There it was: a flag adding possible context to an unclear communication, raising questions about inclusivity. Was it intentional? Was it a hoax? Were they trolling? Did they know the current conversation about the meaning of that gesture? Were they just saying “okay,” or were they invoking some skin-color solidarity? I have no idea.
What I do know is that their gesture created a barrier between them and me. Their “okay” turned a friendly greeting on the water into something else. They created a space, intentionally or otherwise, where I had to wonder if I was welcome. It reminded me that inclusivity is more crucially an action rather than a belief or desire. We cannot have an inclusive community without the acts that create one.
Inclusivity is practice, a point that I think is easily forgotten in favor of the easier stance of belief. The point is echoed by the Oxford English Dictionary, which defines inclusivity as “the practice or policy of including people who might otherwise be excluded or marginalized, such as those who have physical or mental disabilities and members of minority groups.”

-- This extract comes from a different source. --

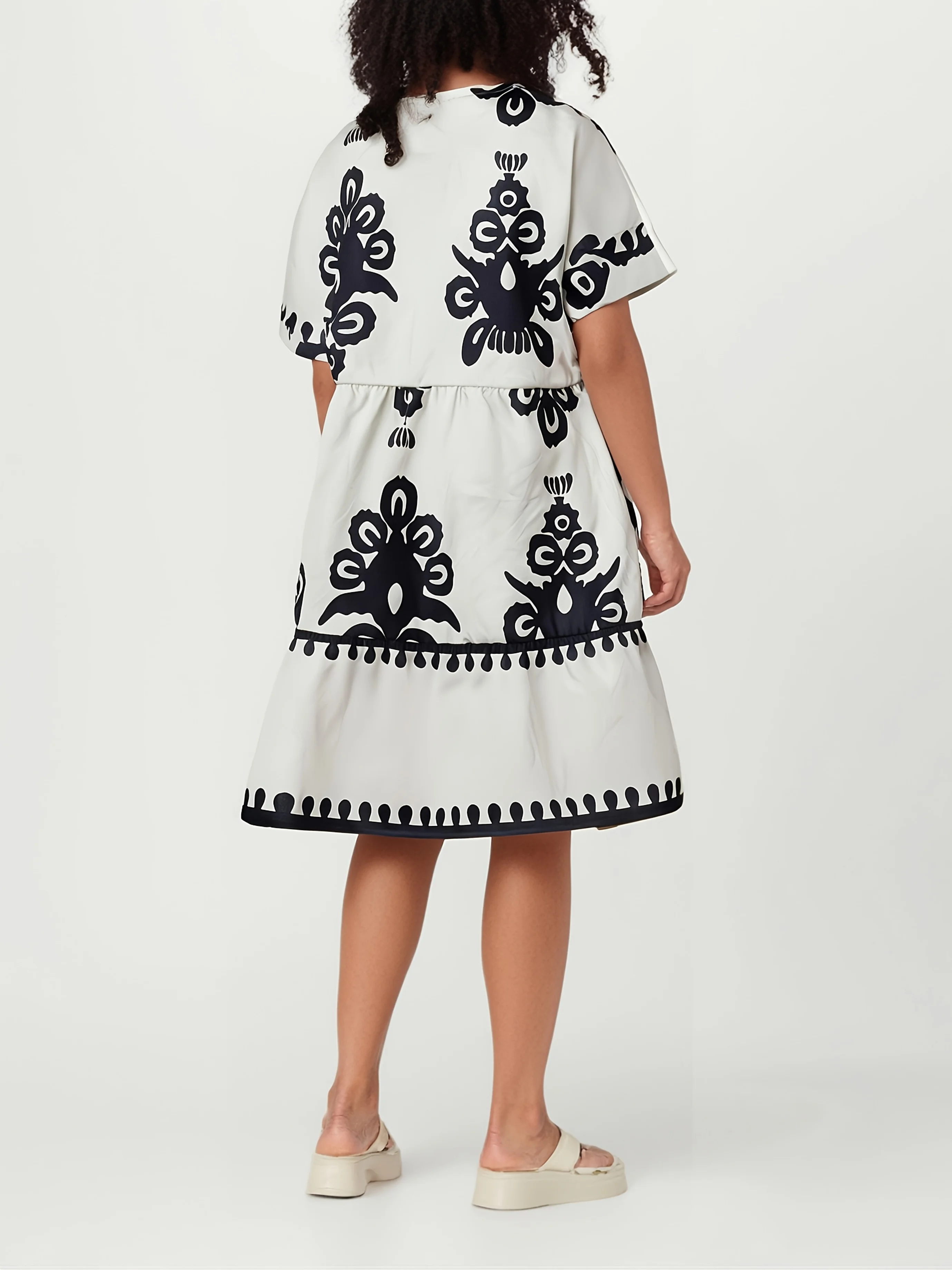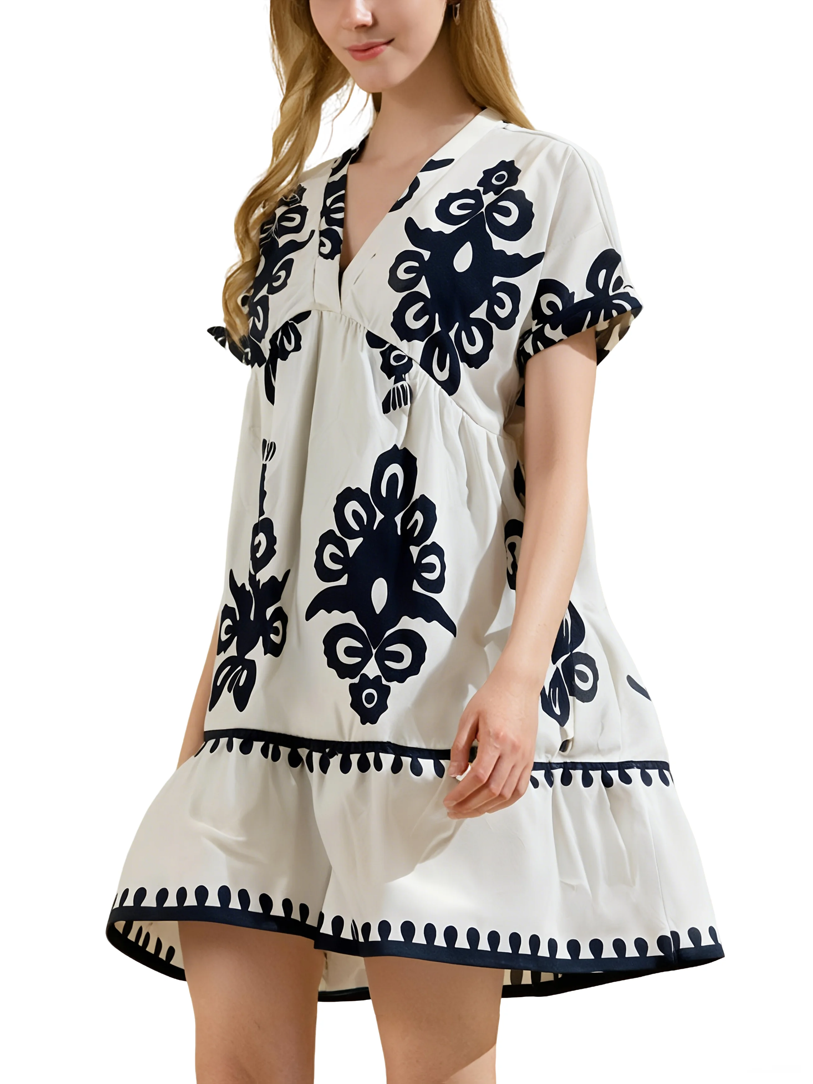 Women’s V-Neck Short Sleeve Blue & White Ethnic-Inspired Floral Print Relaxed Fit Tiered Ruffled Hem Boho Summer Mini Dress

Those practices have also been described. Almost two decades ago, the Association for the Study and Development of Community, in collaboration with the Ford Foundation, the Meyer Foundation, and the American Psychological Association, released a document outlining some elements of inclusive community that they termed as principles for intergroup projects. While the document uses a lot of “you need to” language, the ten principles it notes that promote intergroup inclusion continue to guide community building activities, even today.
In essence, inclusive communities do the following:
- Recognize that diversity is a valuable asset to the human experience;
- Respect all members, offering equal and full access to resources and opportunity;
- Offer opportunities for all stakeholders to participate in decisions that affect them;
- Expose and respond to events of bigotry and discrimination;
- Detail plans and document work to eliminate discrimination.

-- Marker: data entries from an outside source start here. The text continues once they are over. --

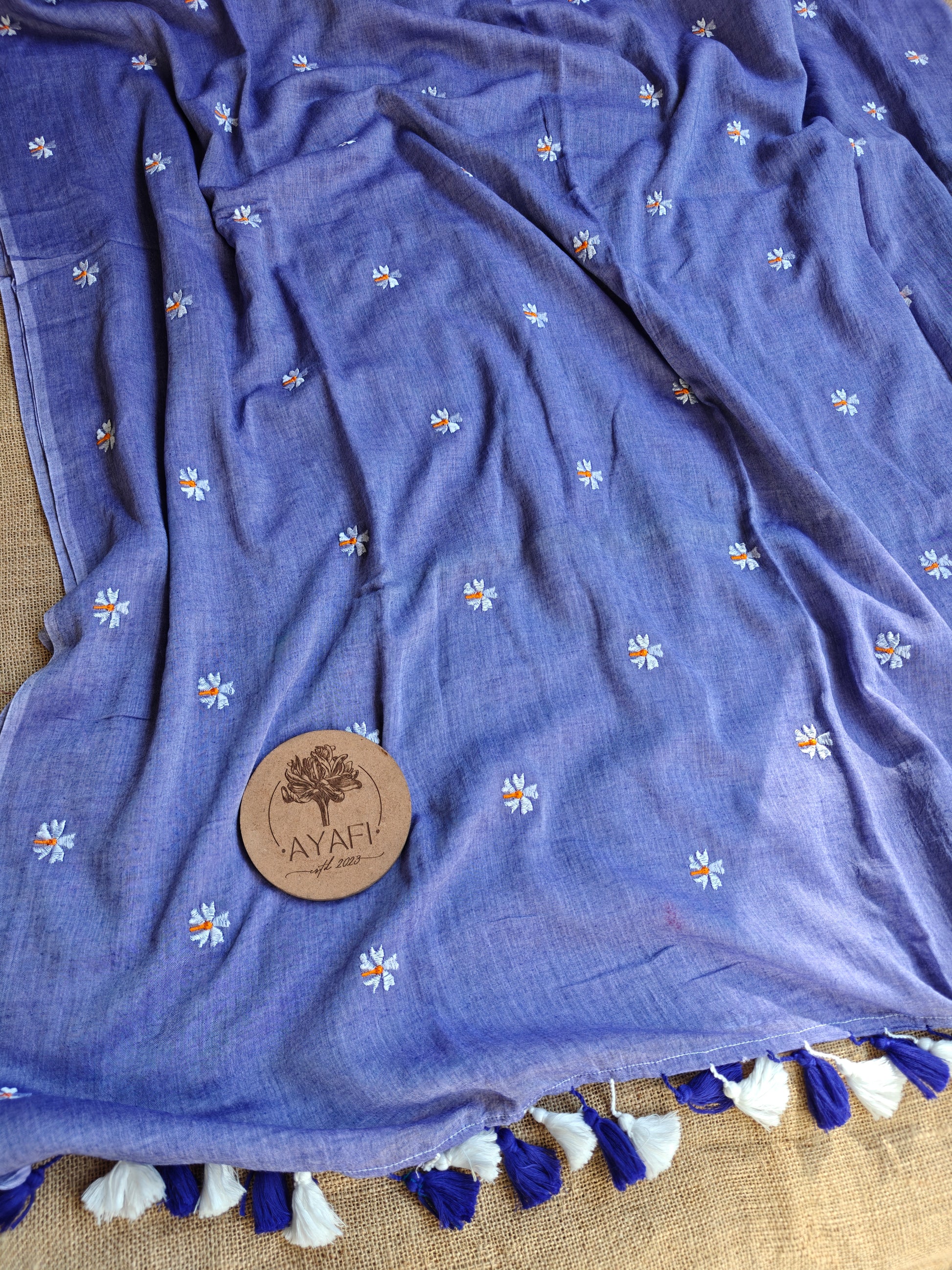 Introducing ‘FLORA’ Embroidered Mul Cotton Saree. What sets this saree apart is its intricate embroidery, meticulously woven by the loom to adorn the pallu and pleats with exquisite floral motifs.
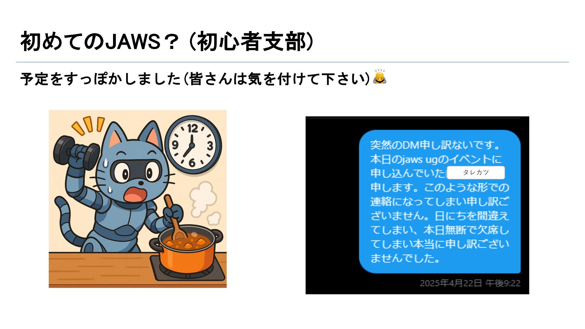 初めてのJAWS? (初心者支部) 予定をすっぽかしました(皆さんは気を付けて下さい)🙇 タレカツ
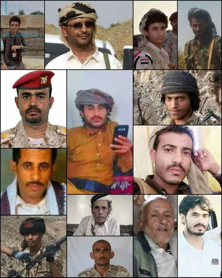 نشر ناشطون يمنيون على مواقع التواصل الاجتماعي صور مرفقة بقائمة مطولة باسماء شهداء الجيش الوطني الذين سقطوا خلال الساعات الماضية في مختلف جبهات مأرب بينهم قيادات ميدانية بارزة يتقدهم اللواء ناصر الذيباني رئيس العمليات الحربية للقوات المشتركة في مأرب.
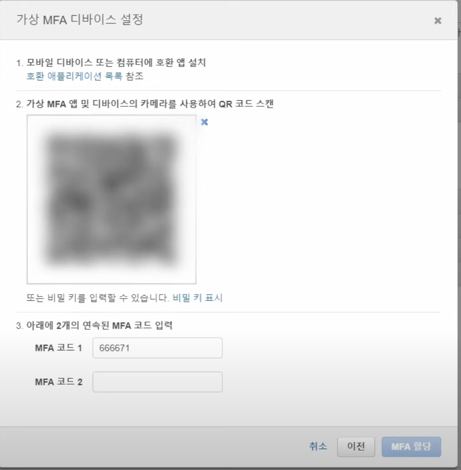 - QR은 컴퓨터에 다른 이름으로 저장해 두시는 것을 추천합니다. 핸드폰을 잃어버리면 AWS에 접속할 수 없고 복구하기도 정말 힘들거든요...

This is a long and difficult row to hoe. There are a lot of “isms” still haunting us as a society, and many in our community steadily suckle from them. Those “isms” can seem sexy. They cultivate pride and twist it to mean superiority. They cultivate defensiveness, which creates barriers. And they even cultivate perceptions of inclusion and sensitivity that can turn into social echo chambers. “Isms” are a clever bunch.

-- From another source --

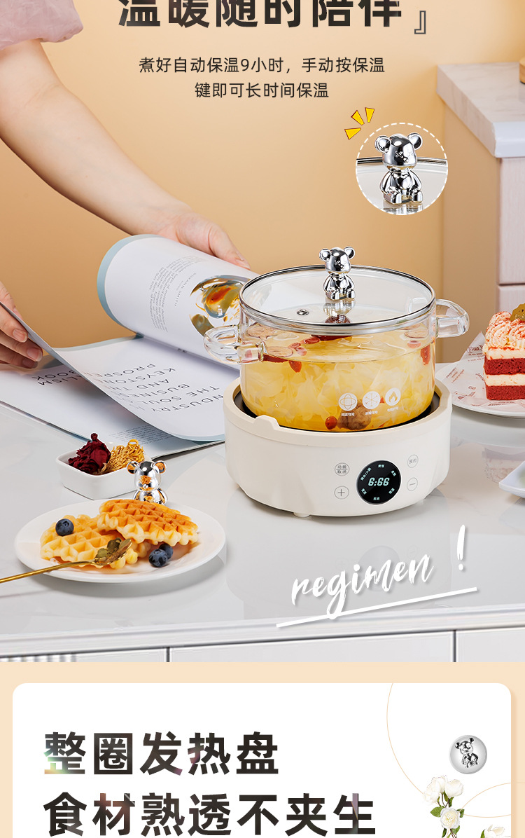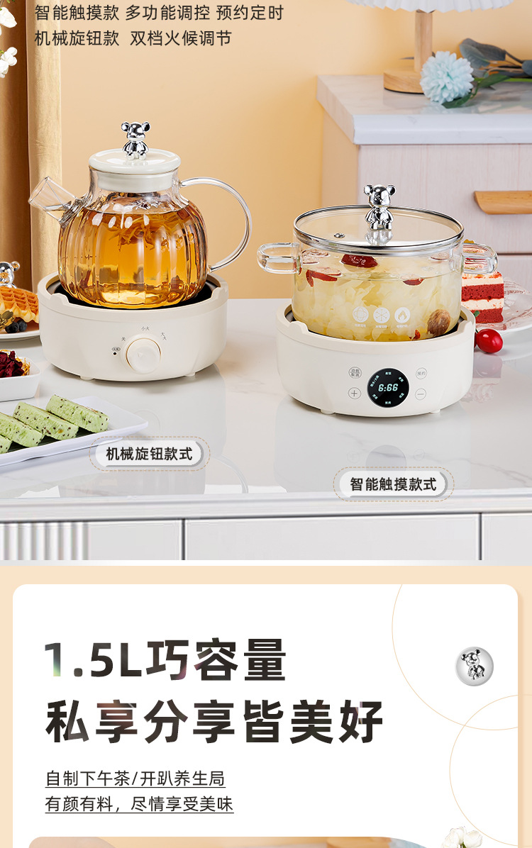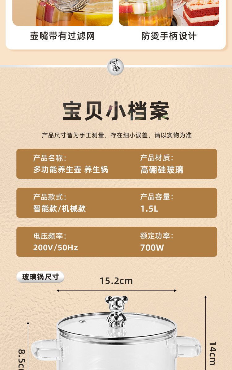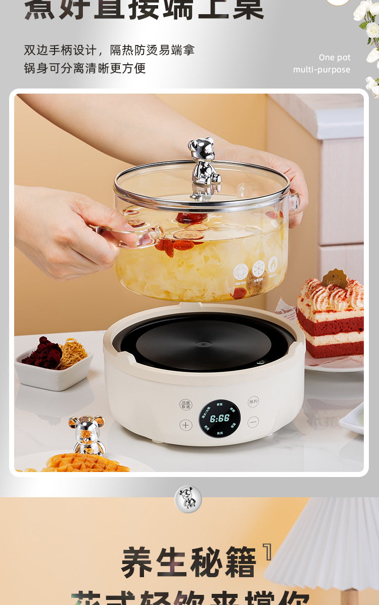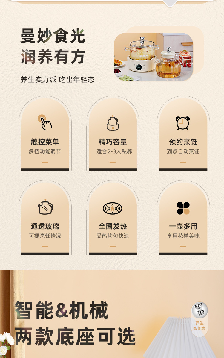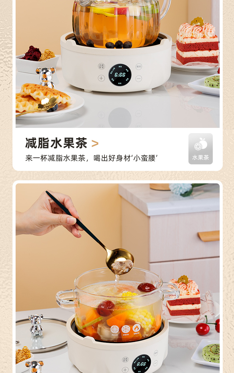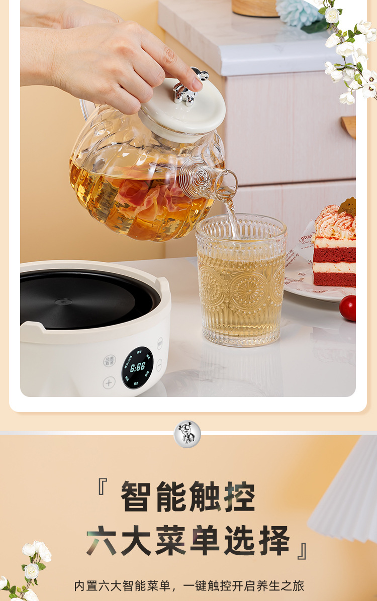 【自制下午茶!开趴养生局】养生壶多功能家用玻璃烧水壶花茶壶煮茶器小型办公室煮茶壶养生锅,内置六大智能菜单,一键触控开启养生之旅

It is a difficult problem, one that often seems bluntly intractable. For example, Alphabet, Google’s parent company, spent about $250 million to increase diversity in its workforce to resolve barriers and reduce gender pay gaps. It didn’t work, despite tech workers consistently noting that improving diversity is a major challenge and important to their organizations. That’s a quarter billion dollars to build an inclusive community that failed.
Why? Because welcoming is hard. It is inconvenient. It is not about giving. It is not about hoping. It is not about good or evil. Rather, it is about active engagement in the process of removing barriers so the powerless feel protected.
Our community is struggling, just like Alphabet and many other organizations; and, unfortunately, I am not yet convinced that our outcome will be much different. What I do think is that the majority of the places where we congregate – our festivals, events, and virtual spaces – try to manifest the core elements of inclusive communities. Over time, that praxis will, I hope, overwhelm the binarism, the racism, the heterosexism – all of those isms – one by one.
Am I confident this will happen? No. It certainly will not happen immediately. But the virtue of hospitality that binds practically all Pagan groups will insist that the conversation to welcome strangers will never grow silent.